# Blue Water Conditions



## FluidDynamic (Sep 3, 2016)

Looking Good out there.


----------



## Bill Me (Oct 5, 2007)

Indeed.


----------



## iJabo (Jul 6, 2013)

Yesterday marked a really nice looking color change out near the Elbow, but what is the bottom graph? Temperature?

Edit: Looks REALLY nice out there right. You can see color changes without the chlorophyll filter.


----------



## BajaBob (Feb 4, 2010)

*Temp Break, Blue Water and Flying Fish*

We pushed off yesterday morning to fish the chlorophyll break around 40 miles south of Pensacola. It was right there as shown. Biggest color change in the shortest area I have seen. The temp went from 79 to 80 in a quarter mile. Clear blue water with so many flying fish of all sizes.

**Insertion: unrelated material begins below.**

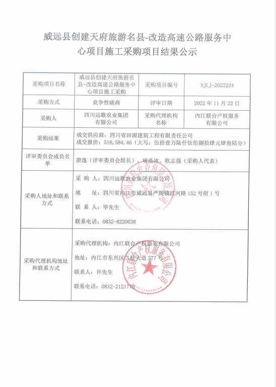 威远县创建天府旅游名县-改造高速公路服务中心项目施工采购结果公示

We thought we were going to get bit almost instantly it looked so good. After trolling in and out of the line for hours without so much as a look we had to give it up and head north. A floating pail gave up a keeper tripletail and a bunch of rudderfish that bit on bare hooks. We used them for AJ bait on a stop on the way in.


----------



## Lipz (Mar 19, 2013)

What website or aap did you get the water color report?


----------



## BajaBob (Feb 4, 2010)

*Free Website I use*

https://worldview.earthdata.nasa.gov/


----------



## Lipz (Mar 19, 2013)

Thank you!!!!


----------



## Bluecape (Sep 29, 2016)

Can someone smarter than me post a current map from this site? I spent an hour trying to find something that looks like the one above and had no luck.


----------



## iJabo (Jul 6, 2013)

Bluecape said:


> Can someone smarter than me post a current map from this site? I spent an hour trying to find something that looks like the one above and had no luck.


You have to add the chlorophyll layer on the base image. It runs a day behind, but it still is useful for getting a rough approximation to the location of the color change. Try this link.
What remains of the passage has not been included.